Bitcoin’s ATH was on the back of Tesla and MicroStrategy’s purchase, following which, the price fell below $50k. In fact, at the time of writing, the price had slumped and hit the $45k-level, resulting in a loss of close to 10 percent over the past week. This market cycle seemed to show that the gains came on the back of large whales entering the market, while also reminding traders that the opposite is possible too.
According to Santiment, over 100 whale accounts have exited the BTC market over the past few weeks, with this trend beginning when the coin started to climb towards its previous ATH of over $56k, well before the corrections that later set in.
What’s even more interesting, however, is that market data seemed to suggest that a few of these major whale addresses are returning at this mid-$40k price level, and one can expect a strengthened uptrend to materialize for BTC in the coming week.
While the said market movement can be termed to be yet another market cycle for Bitcoin, it also leads one to the question – How strong is Bitcoin’s digital gold narrative at the moment, given these developments? Further, buyers may now be re-entering Bitcoin’s arena as the dominant force, however, with large accounts continuing to dominate Bitcoin’s bull run, where does this leave the retail trader?
While hodlers may end up propping the price up, short-term trades and long-term investments both seem to have their pitfalls for retail traders.
According to Glassnode, the number of addresses holding 10k+ coins just climbed to touch a 1-month low of 93, a finding that illustrated the fact that the recent dip in price may have resulted from huge accounts pushing the selling pressure north. However, on the upside, the mean transaction volume for BTC surged to establish a new ATH of $396,077.77, according to the data-analytics platform.
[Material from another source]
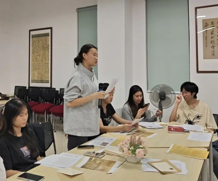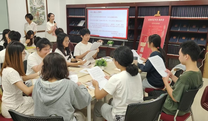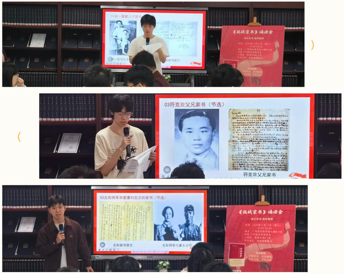 活动伊始,主持人、图学委干部陈品汝通过介绍《抗战家书》的时代背景、历史价值和播放央视纪录片《家书——四万万人的抗战记忆》片段,将同学们带回到那个风雨如晦的年代。在随后的分组研读中,同学们在领读员詹锦波、张嘉琪和杨树鹏的带领下,深入研读了赵一曼、左权、符克三位英烈的家书。泛黄的纸页和深情的笔墨,让先烈们的形象愈发清晰。
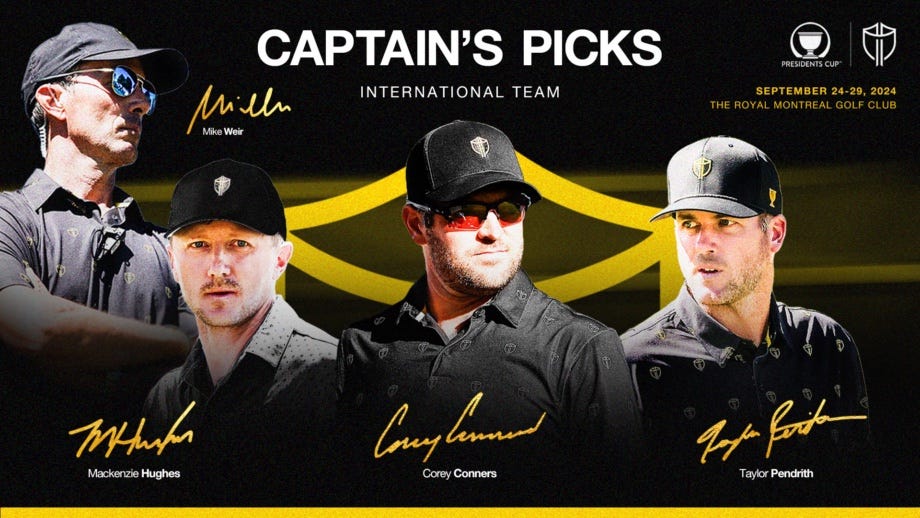 Weir Picks Three Canadians for International Team at Presidents Cup

While Bitcoin may have settled under the $47k price level at press time, it may soon regain all its recent losses and move up the charts. 2021 has proven to be the year in which investors are not only willing to enter the market at higher price points (being the relative low point for the coin), but investors are also more aware of crypto’s potential in the long run. Given these developments in this bull cycle, one can argue that Bitcoin may be down but not out.